**What you are asked to do**
Please retype the entries that follow exactly as they are, leaving the images behind.

**Items from a data source**
__________________________________________________
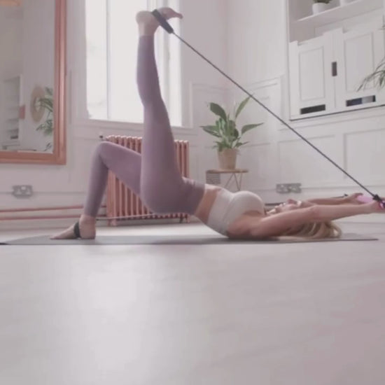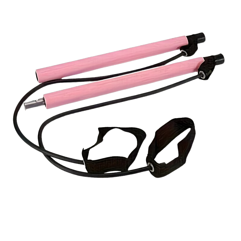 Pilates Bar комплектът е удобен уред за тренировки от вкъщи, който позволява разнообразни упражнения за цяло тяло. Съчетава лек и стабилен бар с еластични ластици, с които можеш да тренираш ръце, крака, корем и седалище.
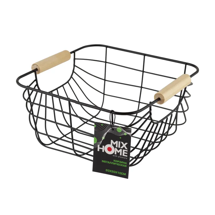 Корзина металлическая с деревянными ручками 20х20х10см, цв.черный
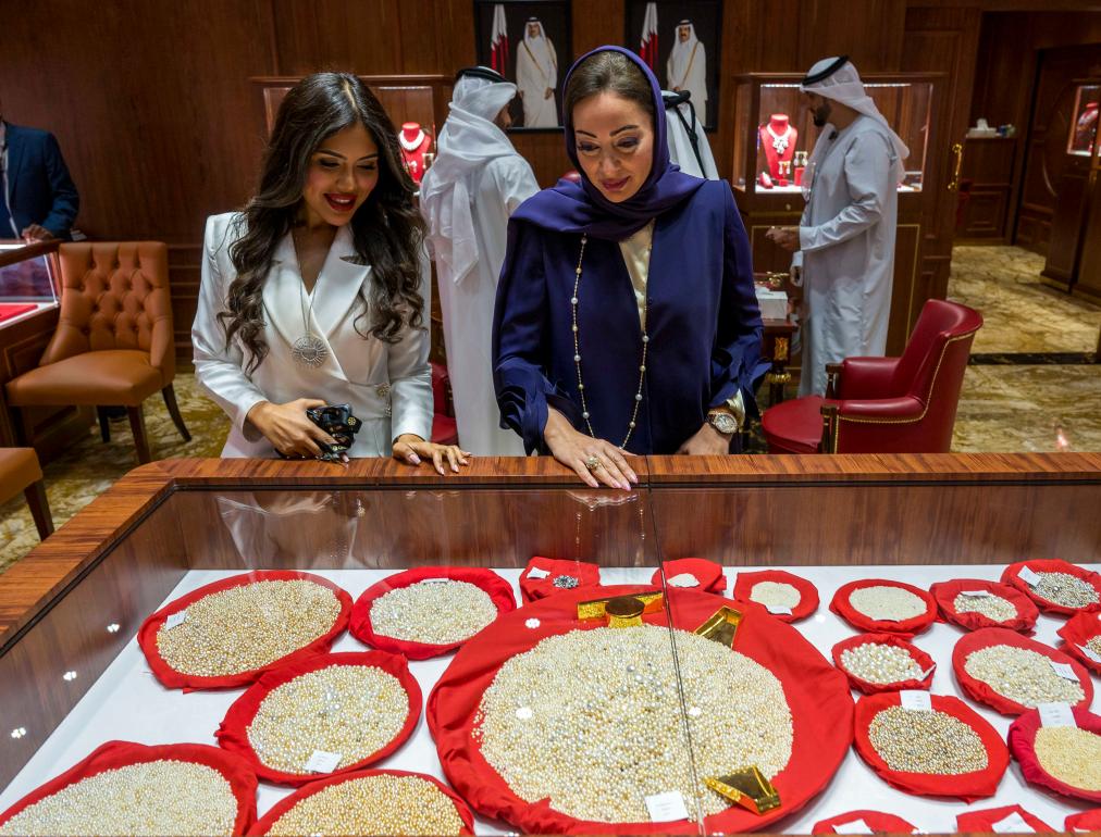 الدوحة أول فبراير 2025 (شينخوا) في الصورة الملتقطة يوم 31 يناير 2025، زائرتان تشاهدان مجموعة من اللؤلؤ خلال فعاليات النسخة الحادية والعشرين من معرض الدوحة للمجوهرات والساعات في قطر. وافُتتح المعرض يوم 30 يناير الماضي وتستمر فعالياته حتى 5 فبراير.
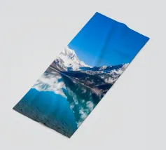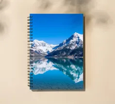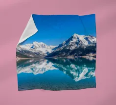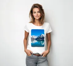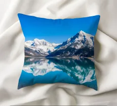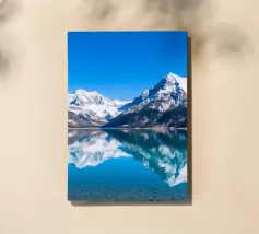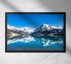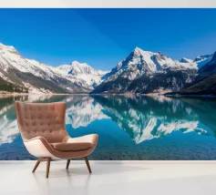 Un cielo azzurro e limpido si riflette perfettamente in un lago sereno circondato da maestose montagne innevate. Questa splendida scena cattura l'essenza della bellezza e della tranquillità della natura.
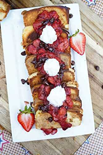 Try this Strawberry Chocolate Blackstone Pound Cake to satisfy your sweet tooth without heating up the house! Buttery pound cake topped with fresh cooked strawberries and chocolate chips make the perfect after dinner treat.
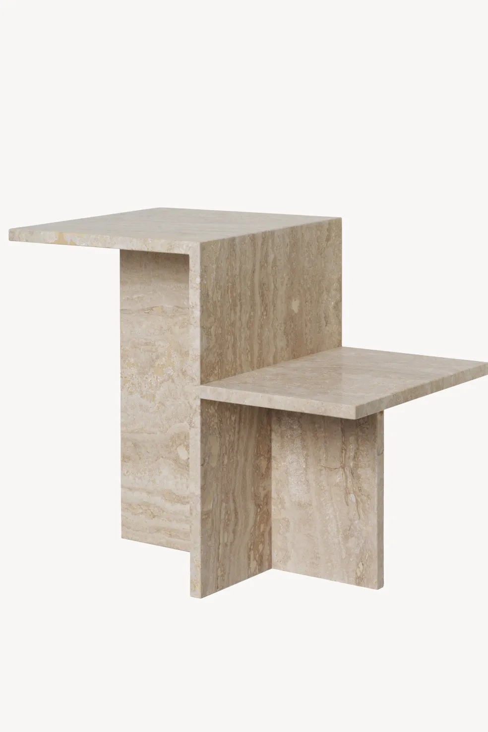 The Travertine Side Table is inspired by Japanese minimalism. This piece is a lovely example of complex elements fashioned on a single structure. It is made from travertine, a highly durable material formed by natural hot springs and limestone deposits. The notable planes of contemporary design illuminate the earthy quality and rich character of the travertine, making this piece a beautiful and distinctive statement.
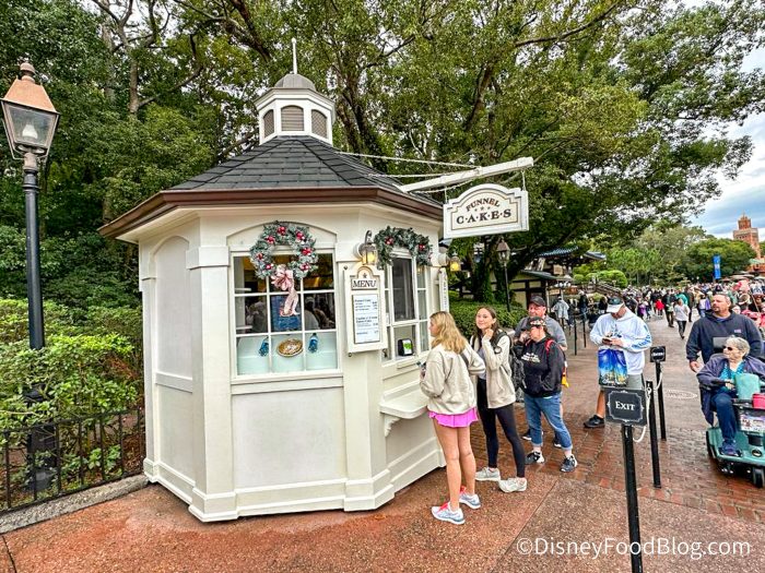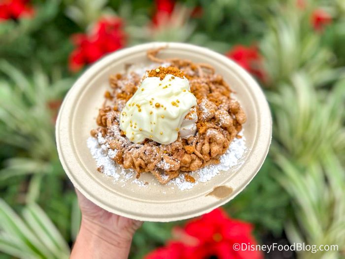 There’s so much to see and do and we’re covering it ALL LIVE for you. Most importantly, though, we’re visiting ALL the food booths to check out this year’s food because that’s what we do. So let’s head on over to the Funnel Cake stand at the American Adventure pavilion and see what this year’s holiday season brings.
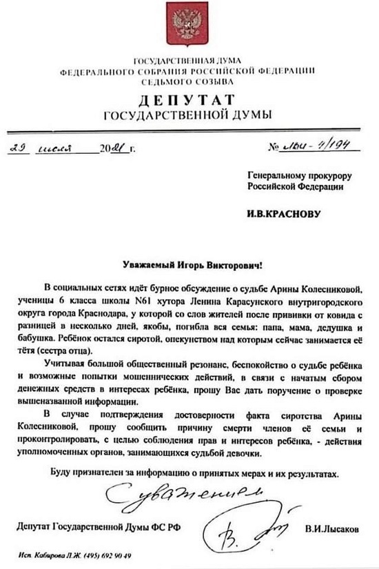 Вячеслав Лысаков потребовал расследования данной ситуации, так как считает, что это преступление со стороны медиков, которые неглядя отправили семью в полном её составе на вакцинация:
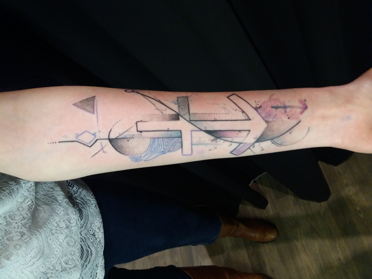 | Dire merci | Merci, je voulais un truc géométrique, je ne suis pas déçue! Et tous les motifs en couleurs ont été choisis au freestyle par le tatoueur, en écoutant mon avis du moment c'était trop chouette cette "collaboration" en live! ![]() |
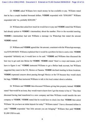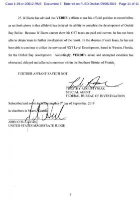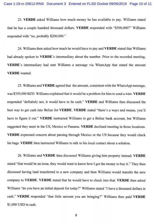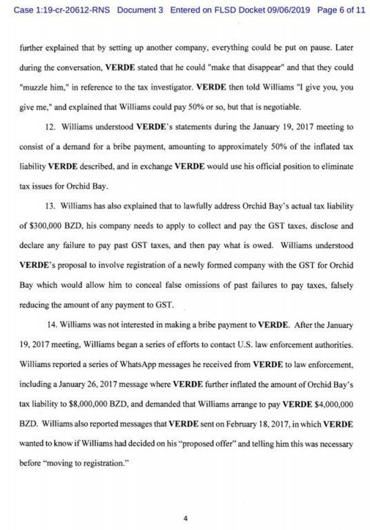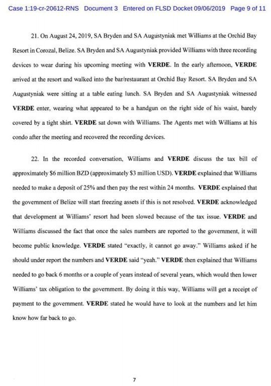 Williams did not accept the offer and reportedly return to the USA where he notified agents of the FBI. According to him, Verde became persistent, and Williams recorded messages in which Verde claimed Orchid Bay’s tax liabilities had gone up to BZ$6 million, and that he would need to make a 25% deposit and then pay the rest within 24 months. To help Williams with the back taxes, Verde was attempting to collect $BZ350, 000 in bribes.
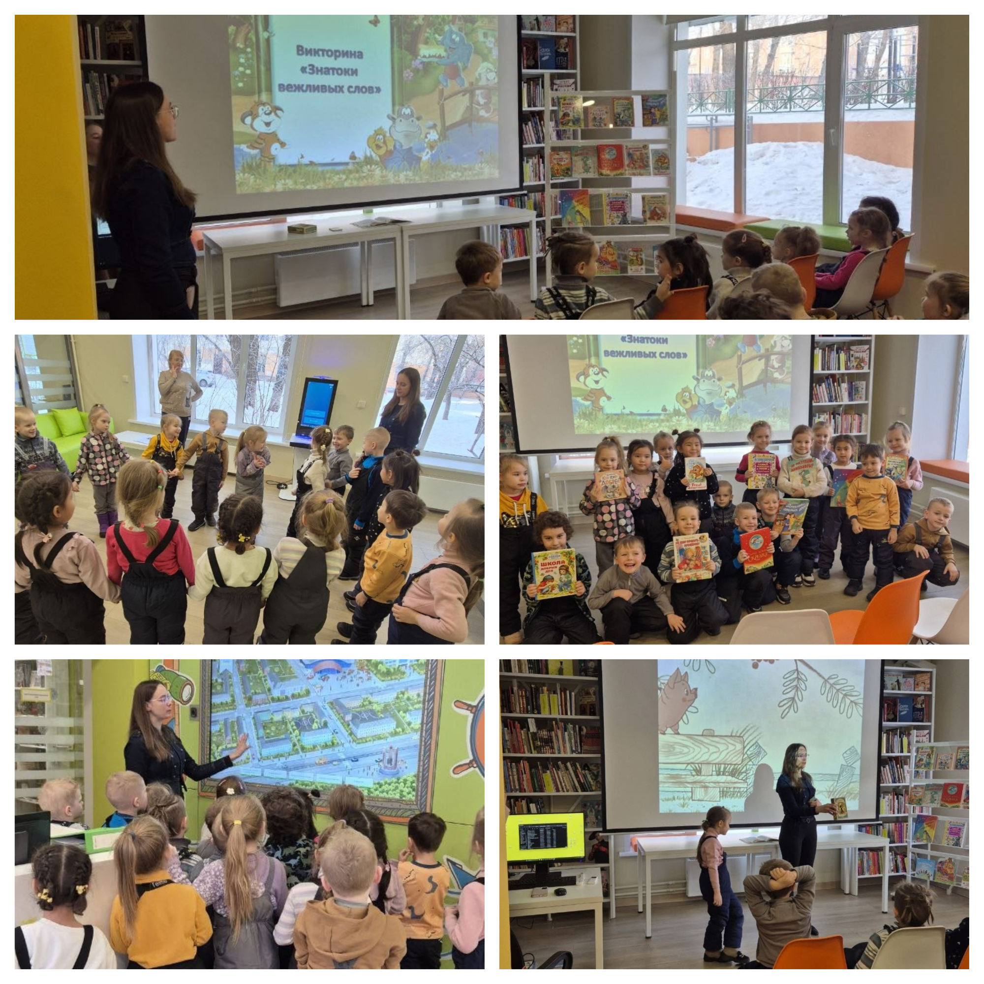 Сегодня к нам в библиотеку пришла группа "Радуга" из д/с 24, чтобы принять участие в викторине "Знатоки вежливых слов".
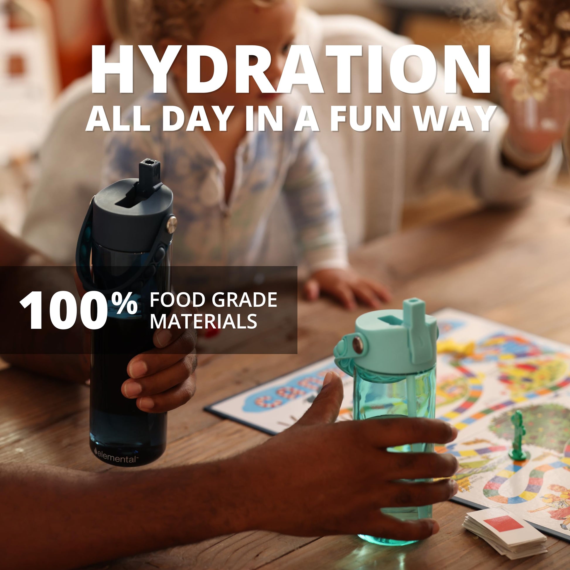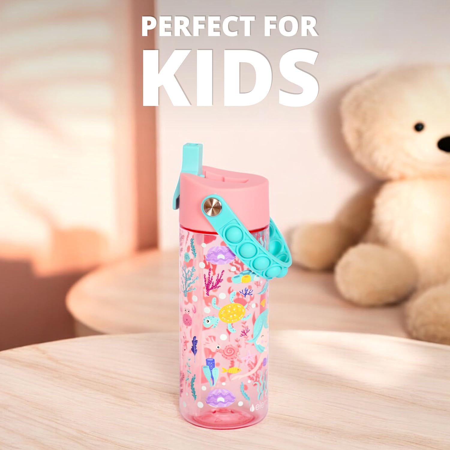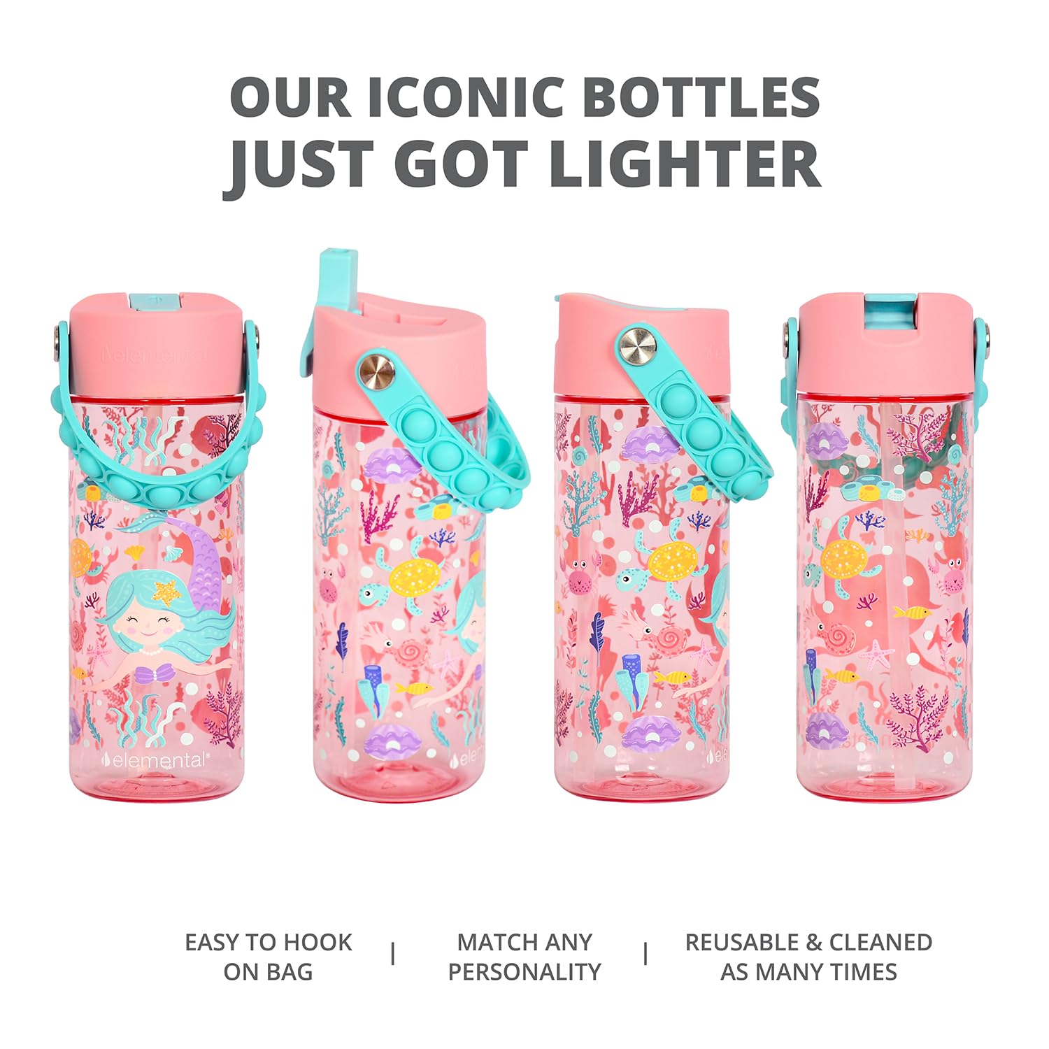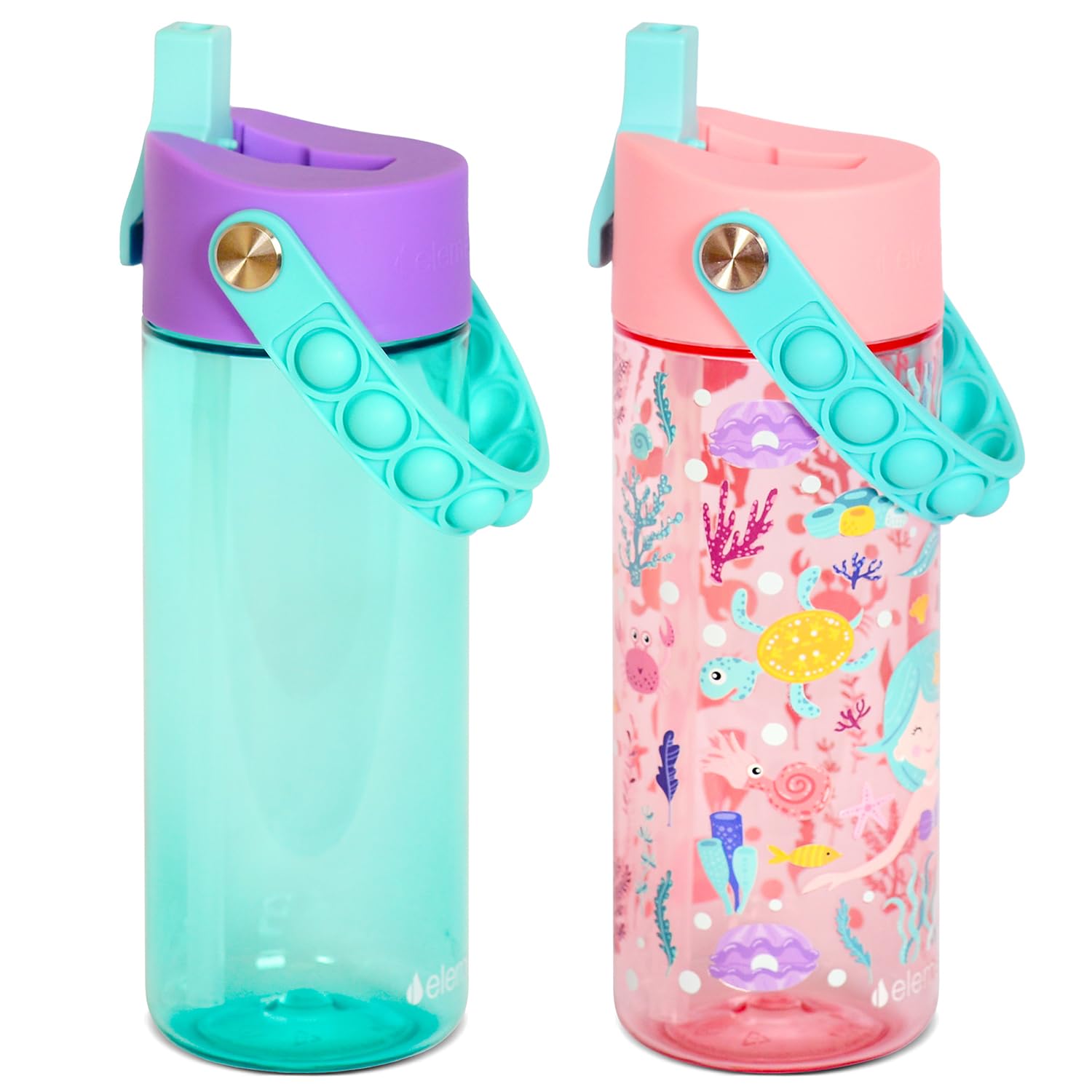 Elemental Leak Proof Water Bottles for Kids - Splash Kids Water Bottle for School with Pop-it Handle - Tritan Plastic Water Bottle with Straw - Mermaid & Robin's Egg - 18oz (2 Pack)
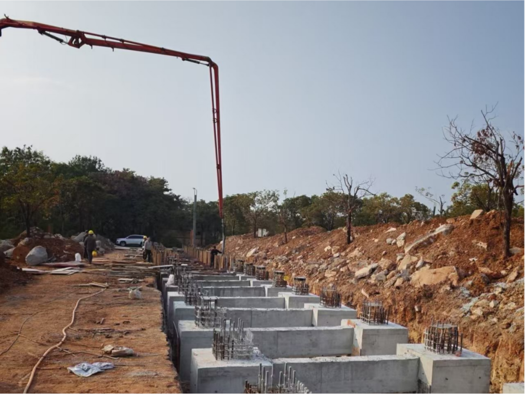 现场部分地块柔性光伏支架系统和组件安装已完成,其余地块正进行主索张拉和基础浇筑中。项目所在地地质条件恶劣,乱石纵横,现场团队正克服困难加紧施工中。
__________________________________________________
**Solution to the exercise**
 Pilates Bar комплектът е удобен уред за тренировки от вкъщи, който позволява разнообразни упражнения за цяло тяло. Съчетава лек и стабилен бар с еластични ластици, с които можеш да тренираш ръце, крака, корем и седалище.
 Корзина металлическая с деревянными ручками 20х20х10см, цв.черный
 الدوحة أول فبراير 2025 (شينخوا) في الصورة الملتقطة يوم 31 يناير 2025، زائرتان تشاهدان مجموعة من اللؤلؤ خلال فعاليات النسخة الحادية والعشرين من معرض الدوحة للمجوهرات والساعات في قطر. وافُتتح المعرض يوم 30 يناير الماضي وتستمر فعالياته حتى 5 فبراير.
 Un cielo azzurro e limpido si riflette perfettamente in un lago sereno circondato da maestose montagne innevate. Questa splendida scena cattura l'essenza della bellezza e della tranquillità della natura.
 Try this Strawberry Chocolate Blackstone Pound Cake to satisfy your sweet tooth without heating up the house! Buttery pound cake topped with fresh cooked strawberries and chocolate chips make the perfect after dinner treat.
 The Travertine Side Table is inspired by Japanese minimalism. This piece is a lovely example of complex elements fashioned on a single structure. It is made from travertine, a highly durable material formed by natural hot springs and limestone deposits. The notable planes of contemporary design illuminate the earthy quality and rich character of the travertine, making this piece a beautiful and distinctive statement.
 There’s so much to see and do and we’re covering it ALL LIVE for you. Most importantly, though, we’re visiting ALL the food booths to check out this year’s food because that’s what we do. So let’s head on over to the Funnel Cake stand at the American Adventure pavilion and see what this year’s holiday season brings.
 Вячеслав Лысаков потребовал расследования данной ситуации, так как считает, что это преступление со стороны медиков, которые неглядя отправили семью в полном её составе на вакцинация:
 | Dire merci | Merci, je voulais un truc géométrique, je ne suis pas déçue! Et tous les motifs en couleurs ont été choisis au freestyle par le tatoueur, en écoutant mon avis du moment c'était trop chouette cette "collaboration" en live! ![]() |
 Williams did not accept the offer and reportedly return to the USA where he notified agents of the FBI. According to him, Verde became persistent, and Williams recorded messages in which Verde claimed Orchid Bay’s tax liabilities had gone up to BZ$6 million, and that he would need to make a 25% deposit and then pay the rest within 24 months. To help Williams with the back taxes, Verde was attempting to collect $BZ350, 000 in bribes.
 Сегодня к нам в библиотеку пришла группа "Радуга" из д/с 24, чтобы принять участие в викторине "Знатоки вежливых слов".
 Elemental Leak Proof Water Bottles for Kids - Splash Kids Water Bottle for School with Pop-it Handle - Tritan Plastic Water Bottle with Straw - Mermaid & Robin's Egg - 18oz (2 Pack)
 现场部分地块柔性光伏支架系统和组件安装已完成,其余地块正进行主索张拉和基础浇筑中。项目所在地地质条件恶劣,乱石纵横,现场团队正克服困难加紧施工中。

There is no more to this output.